= Panning law =

Principle in audio engineering

Panning law, or panning rule, is a recording and mixing principle that states that any signal of equal amplitude and phase that is played in both channels of a stereo system will increase in loudness up to 6.02 dBSPL, provided there is perfect response in the loudspeaker system and perfect acoustics in the room.

Often, the acoustic summing of a room and system are inferior to the ideal, so the specific relative level will increase from −3 dB to 0 dB as the mono signal is panned from center to hard left or right. The idea of including a pan law is so that when one directs signals left or right with the pan pot, the perceived loudness will stay the same.

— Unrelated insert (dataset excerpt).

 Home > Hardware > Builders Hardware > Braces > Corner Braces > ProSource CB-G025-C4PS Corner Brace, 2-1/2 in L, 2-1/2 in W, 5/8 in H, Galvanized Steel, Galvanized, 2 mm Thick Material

However, both the direction of attenuation throughout the panoramic sweep and the amount by which the signal is attenuated vary according to panning rule. For example, Yamaha digital consoles employ a typical (compromise) 3 dB panning rule where the signal is at full level when pan position is centered and becomes progressively louder (up to + 3 dB) as it is panned to the right or left.

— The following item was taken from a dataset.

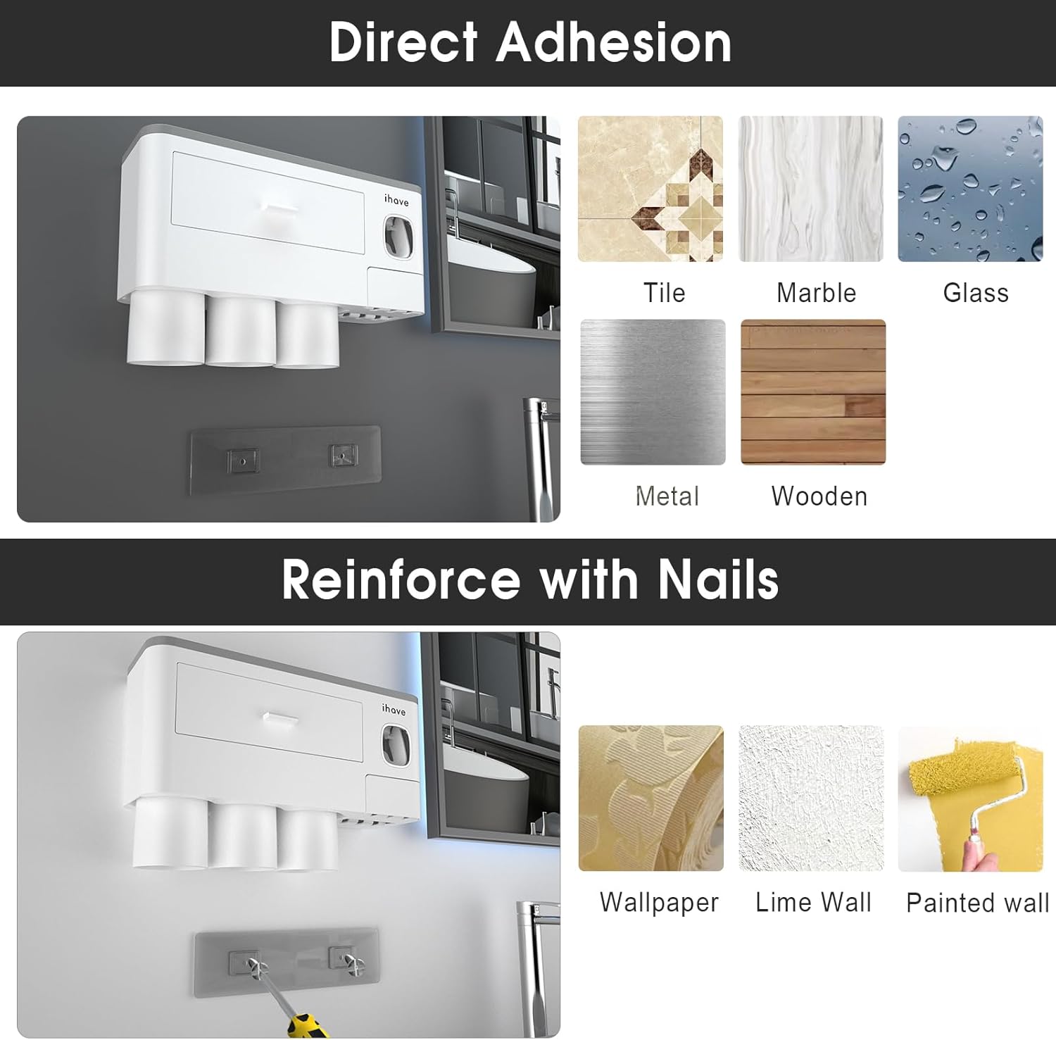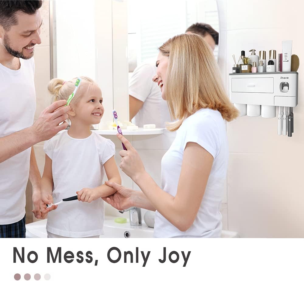 - Easy to Use: Our multi-function toothbrush holder wall mounted features an automatic toothpaste dispenser to squeezes toothpaste effortlessly without any waste.The 3 magnetic mouthwash cups are with inverted drainage design to prevent dust and water stain. It can hold up to 6 toothbrushes at the same time, perfect for the whole family.

The 3 dB panning rule is a commonly applied compromise to comply with the mediocre acoustic summing capabilities of most control rooms. However, the console manufacturer SSL used to employ a 4.5 dB panning rule, because it was believed that their expensive consoles would normally be used in tuned rooms that had acoustic summing capabilities closer to the ideal.

Many consoles that have only one panning rule employ one such that a signal panned hard left or right is at full level and becomes progressively lower in level as the pan is directed to the center.